When the nonpartisan primary election was held in May 2014, Williams received 6348 of the 7368 votes cast, or 86.2% of the total. Sotelo received 1020 votes, or 13.8%. Since there were only two candidates running, both moved on to the general election.

Over the entire course of the campaign, Williams collected over $110,000 in contributions, and spent over $91,000. The Sotelo campaign collected over $37,000, and spent over $34,000. Major contributors to Williams's campaign included the Nebraska Realtors PAC, which gave $7000; the Nebraska Bankers State PAC, with contributions of over $4000; and the Nebraska Telecommunications Association, which yielded $4000. The Gothenburg State Bank contributed about $2600; several other banks and the Nebraska Independent Community Bankers PAC made up over $2600 in contributions. Sotelo's single largest contributor was Leadership for Educational Equity, which provided $7750; the group describes itself as "a nonpartisan, nonprofit organization dedicated to empowering Teach For America corps members and alumni to grow as leaders in their communities and help build the movement for educational equity". Sotelo also received $1750 from the Brotherhood of Locomotive Engineers, and $1470 from the Nebraska Democratic Party.
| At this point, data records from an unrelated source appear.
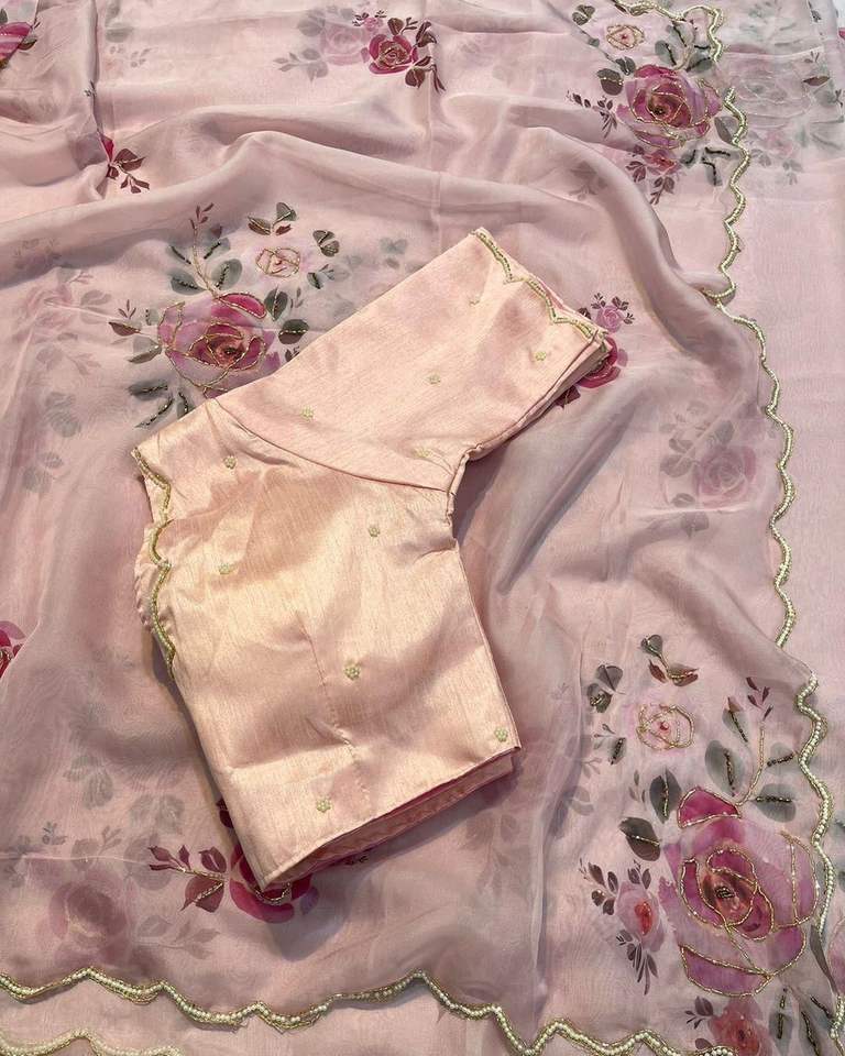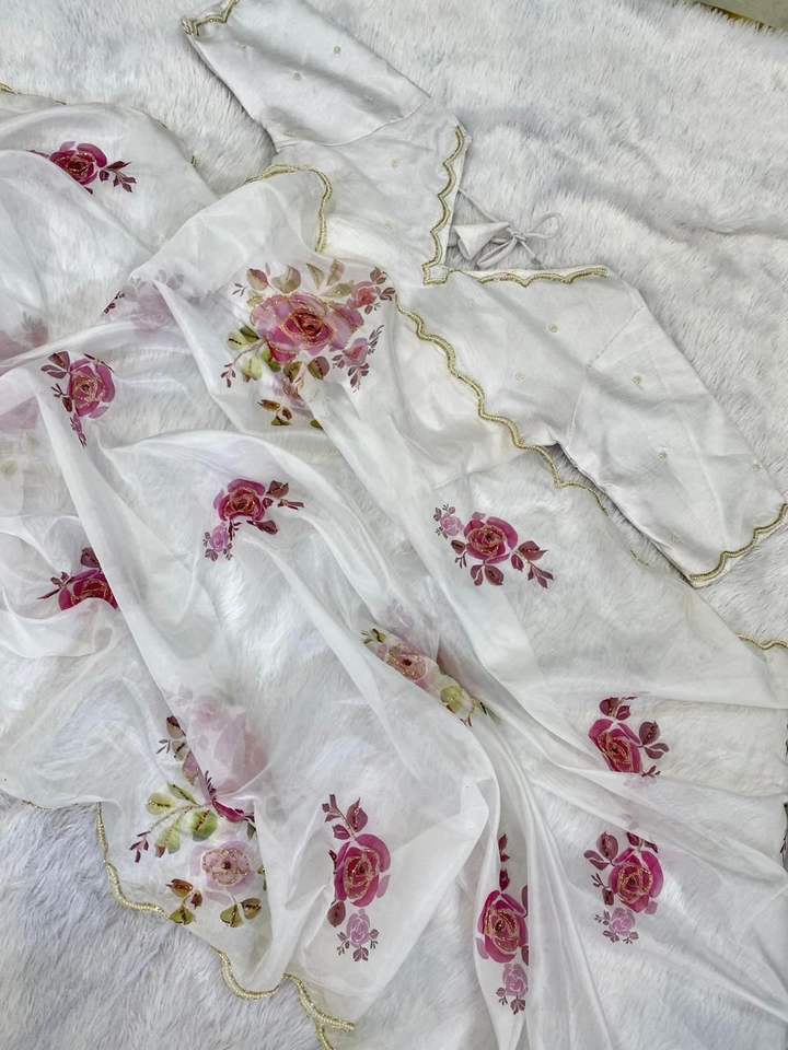 ผ้าซิลค์ซาตินออร์แกนซ่าเนื้อนุ่มพร้อมลายดอกไม้พิมพ์มือและสีมุก ตกแต่งขอบด้วยงานฝีมือเดนา สำหรับผู้หญิงใส่ไปงานปาร์ตี้
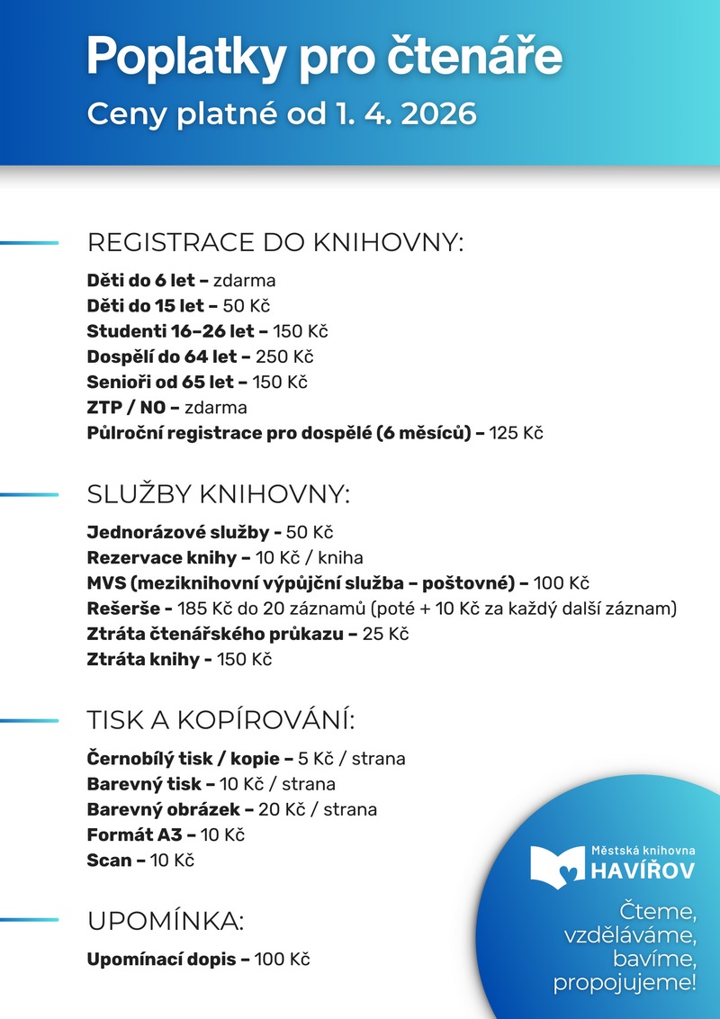 rádi bychom vás informovali, že od 1. 4. 2026 dochází k navýšení poplatků za registrace a služby poskytované Městskou knihovnou Havířov. Děkujeme vám za pochopení.
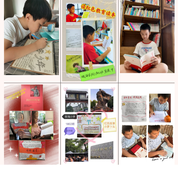 银海学校三年级全体学生在班级范围内掀起了一股“居家防疫,读一本红色书籍”的热潮。疫情虽然阻挡了我们去往大自然学习实践的脚步,却阻挡不了读书的热情。《党旗引领我成长》《红色少年的故事》《小英雄雨来》《难忘,1949》……一本本红色经典书籍在这个特殊的暑假成为了孩子们手中的“宝典”给这个稍显无聊和乏味的假期注入满满的精神滋养。
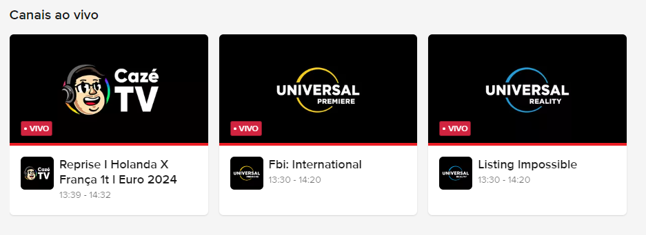 Assinantes do streaming ao entrar no ambiente já podem ver a nova parte canais ao vivo onde está concentrada a opção de programação da CazéTV e as opções da Universal. Veja abaixo:
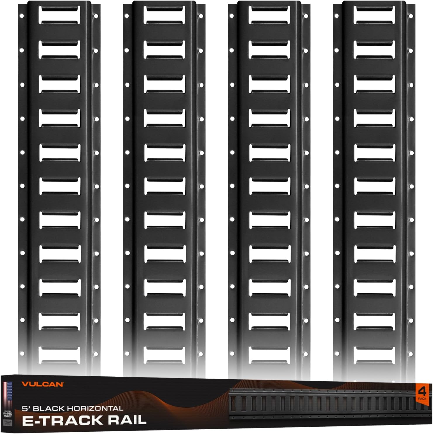| Included Components | VULCAN E-Track - Horizontal Painted Black Section - 4 Foot - 4 Pack |

The Nebraska State Education Association contributed $1350 to each campaign.

In the November 2014 general election, Williams received 7599 of the 9747 votes cast, or 78% of the total. Sotelo received 2148 votes, or 22%.

===Legislative tenure===

====2015 session====

In the 2015 legislative session, Williams was named vice-chair of Banking, Commerce, and Insurance Committee; he was also appointed to the Judiciary Committee.